Based on the normalized AUC comparison between i.v. administration of the test substance at the dose level of 8 mg/kg (100% absorbed) and oral administration of the test item at 800 mg/kg as well as via urinary excretion at the oral dose level of 800 mg/kg the percentage of absorbed test item amounted to 1-2% after oral administration.
After oral administration of the substance at the dose level of 800 mg/kg, only about one sixth of the dose was excreted in urine and faeces within 48 hours with about 17 times more in the faeces. At complete absorption after intravenous administration of the substance at the dose level of 8 mg/kg, about half of the dose was already excreted via the urine within 24 hours and about 60 times lower amounts via the faeces.
Based on the urinary excretion of about 1% after oral administration, the calculated percentage of absorbed parent item excreted into faeces via the bile becomes negligible (0.015 %).

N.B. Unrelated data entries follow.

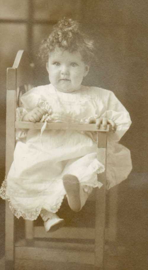 On Nov. 17, 1926 I went to school happy it was my 8th birthday. We were told very little in those days about how babies got here. All I knew Dr. Owens told me awhile before that if I was a good girl hed bring me in his large bag a baby sister. He only guess(ed) at what sex it would be for no test were ever taken. I came running home from school to see my cake + present only to find Mrs. Sudbury blocking the inside Kit. Door I did notice two layers of cake unfrosted laying on draining board when I was told to go across the street to her house + stay there till she came for me. I could imagine what was going on no mama to great me it was my birthday. Well I didnt do much playing only wonder + worry till early evening when I was brought home. There was my cake frosted but where were the little flower cups that mama always put the candles in. The candles were stuck instead in wax paper. I was told to go into the bed room mama was in there with my birthday present. I ran in to see her laying in bed with an indian baby in her arms she told me this was my baby sister. What(,) that scrany (scrawny?) black head baby couldnt be my sister.
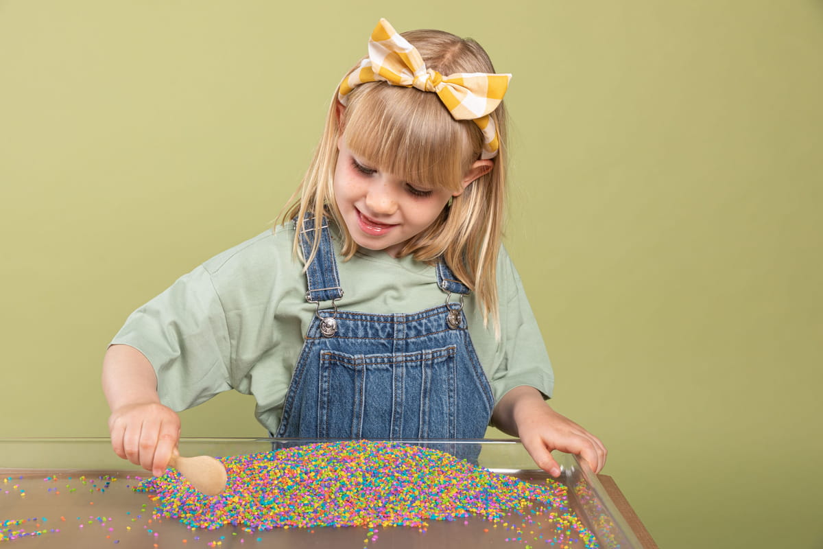 Zabawki sensoryczne wspierają rozwój zmysłów u dzieci. Ciekawe kolory, struktury rozwijają ich wyobraźnię i kreatywność. Wspomagają także integrację sensoryczną, czyli połączenie doznań wszystkich zmysłów w całość.
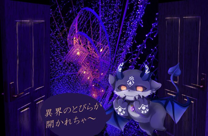 2 26 #でびる様発生祭崇拝写真 #でびるさまにささげるえ イルミネーション写真をバッグに扉やでび様を描き加えました! 明日の発生祭楽しみだ〜🍾✨ 21/12/17 19:55

The results indicate that absorption of the parent item is very low after oral administration. Taking into account the incomplete excretion after 48 hours the remaining part of the parent item is assumed to be still present in the intestinal tract.
The oral and i.v. results at the respective dose levels of 800 and 8 mg/kg implicate that biliary excretion of absorbed test item is negligible.